Validate the Nginx configuration and reload only after syntax passes:

sudo nginx -t

nginx: the configuration file /etc/nginx/nginx.conf syntax is ok
nginx: configuration file /etc/nginx/nginx.conf test is successful

sudo systemctl reload nginx

After the reload, repeat the curl probe from the client:

curl --tcp-fastopen -D - -o /dev/null http://203.0.113.10/

Then recheck counters on the Nginx server:

nstat -az | grep -i FastOpen

Nginx Did Not Load the fastopen Parameter

If you edited a disabled virtual host, the active configuration will not show fastopen. Dump the loaded configuration with the owning file marker:

sudo nginx -T 2>&1 | awk '
/^# configuration file / { source=$0; next }
/fastopen/ {
    if (source != last_source) {
        print source
        last_source = source
    }
    print
}'

If the command prints no fastopen line, edit the enabled site file or include file. Then validate and reload:

sudo nginx -t && sudo systemctl reload nginx

Rerun the owner-aware dump; it should print the file marker and the loaded fastopen listener:

sudo nginx -T 2>&1 | awk '
/^# configuration file / { source=$0; next }
/fastopen/ {
    if (source != last_source) {
        print source
        last_source = source
    }
    print
}'

curl Succeeds but TFO Counters Do Not Increase

A successful curl --tcp-fastopen request can still use a regular TCP handshake.
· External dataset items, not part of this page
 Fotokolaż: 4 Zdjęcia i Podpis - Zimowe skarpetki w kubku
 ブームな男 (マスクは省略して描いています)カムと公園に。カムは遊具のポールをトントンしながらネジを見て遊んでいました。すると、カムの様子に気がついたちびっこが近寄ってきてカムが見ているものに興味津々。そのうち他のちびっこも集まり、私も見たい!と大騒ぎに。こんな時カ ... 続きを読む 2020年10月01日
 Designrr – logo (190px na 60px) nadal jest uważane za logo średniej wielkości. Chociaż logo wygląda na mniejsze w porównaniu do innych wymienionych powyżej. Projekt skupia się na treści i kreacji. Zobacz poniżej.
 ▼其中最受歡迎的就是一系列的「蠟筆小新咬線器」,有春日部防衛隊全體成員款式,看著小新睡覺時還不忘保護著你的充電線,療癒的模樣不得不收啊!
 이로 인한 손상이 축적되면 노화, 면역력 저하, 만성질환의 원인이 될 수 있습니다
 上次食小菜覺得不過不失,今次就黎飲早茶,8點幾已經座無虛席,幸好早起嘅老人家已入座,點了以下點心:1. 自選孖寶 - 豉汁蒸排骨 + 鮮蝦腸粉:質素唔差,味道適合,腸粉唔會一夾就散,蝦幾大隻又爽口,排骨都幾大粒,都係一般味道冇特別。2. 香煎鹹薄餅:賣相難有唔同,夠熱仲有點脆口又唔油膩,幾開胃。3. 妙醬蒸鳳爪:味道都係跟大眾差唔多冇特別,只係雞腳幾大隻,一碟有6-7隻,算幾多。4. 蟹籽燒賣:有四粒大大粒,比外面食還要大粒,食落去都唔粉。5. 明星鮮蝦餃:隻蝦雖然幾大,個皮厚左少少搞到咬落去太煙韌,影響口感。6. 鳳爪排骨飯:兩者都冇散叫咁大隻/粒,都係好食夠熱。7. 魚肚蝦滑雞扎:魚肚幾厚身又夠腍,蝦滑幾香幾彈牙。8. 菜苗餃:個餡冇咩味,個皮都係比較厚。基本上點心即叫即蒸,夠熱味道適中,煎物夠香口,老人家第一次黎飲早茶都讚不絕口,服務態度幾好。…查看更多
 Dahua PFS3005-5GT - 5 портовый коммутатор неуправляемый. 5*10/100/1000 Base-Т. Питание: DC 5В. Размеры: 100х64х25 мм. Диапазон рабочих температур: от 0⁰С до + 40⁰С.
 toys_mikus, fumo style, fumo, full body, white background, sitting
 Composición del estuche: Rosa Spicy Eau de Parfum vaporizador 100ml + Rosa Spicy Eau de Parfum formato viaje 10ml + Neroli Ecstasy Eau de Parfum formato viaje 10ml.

On the client that runs curl, check that the value includes client-side TFO:

cat /proc/sys/net/ipv4/tcp_fastopen

Values such as 1 or 3 include client-side TFO. Then run the probe from that client:

curl --tcp-fastopen -D - -o /dev/null http://203.0.113.10/

On the Nginx server, recheck the counters after several direct requests:

nstat -az | grep -i FastOpen

If TcpExtTCPFastOpenPassive and TcpExtTCPFastOpenCookieReqd stay at 0, the connection may not be reaching the origin with TFO. Test a direct origin path or verify TFO support on the load balancer or CDN that terminates the client connection.

Nginx Reports a Duplicate listen Option Error

Conflicting socket parameters on the same address and port can prevent Nginx from loading the configuration. The error usually points to duplicate or inconsistent listen directives:

sudo nginx -t

nginx: [emerg] duplicate listen options for 0.0.0.0:80 in /etc/nginx/conf.d/site.conf:12
nginx: configuration file /etc/nginx/nginx.conf test failed

Keep the socket parameters consistent for each address and port pair. Then test again:

sudo nginx -t

Related Nginx Performance Guides

TCP Fast Open affects connection setup only. Pair it with other Nginx tuning only when each feature matches your traffic pattern:

• Enable reuseport in Nginx to distribute accepted connections across worker sockets.
• Enable open file cache in Nginx to reduce repeated filesystem metadata lookups.
• Enable gzip compression in Nginx to reduce transfer size for compressible responses.
• Enable the Nginx sendfile directive to use zero-copy static file delivery where it fits.
• Configure rate limiting in Nginx to control request bursts and abusive clients.

Conclusion

TCP Fast Open is active for the selected Nginx listener once the Linux server-side bit is enabled, fastopen=... appears in the loaded listen directive, and the Fast Open counters move during client tests. Keep it on listeners that can tolerate duplicate early request data, and use the related Nginx performance guides for throughput tuning beyond connection setup.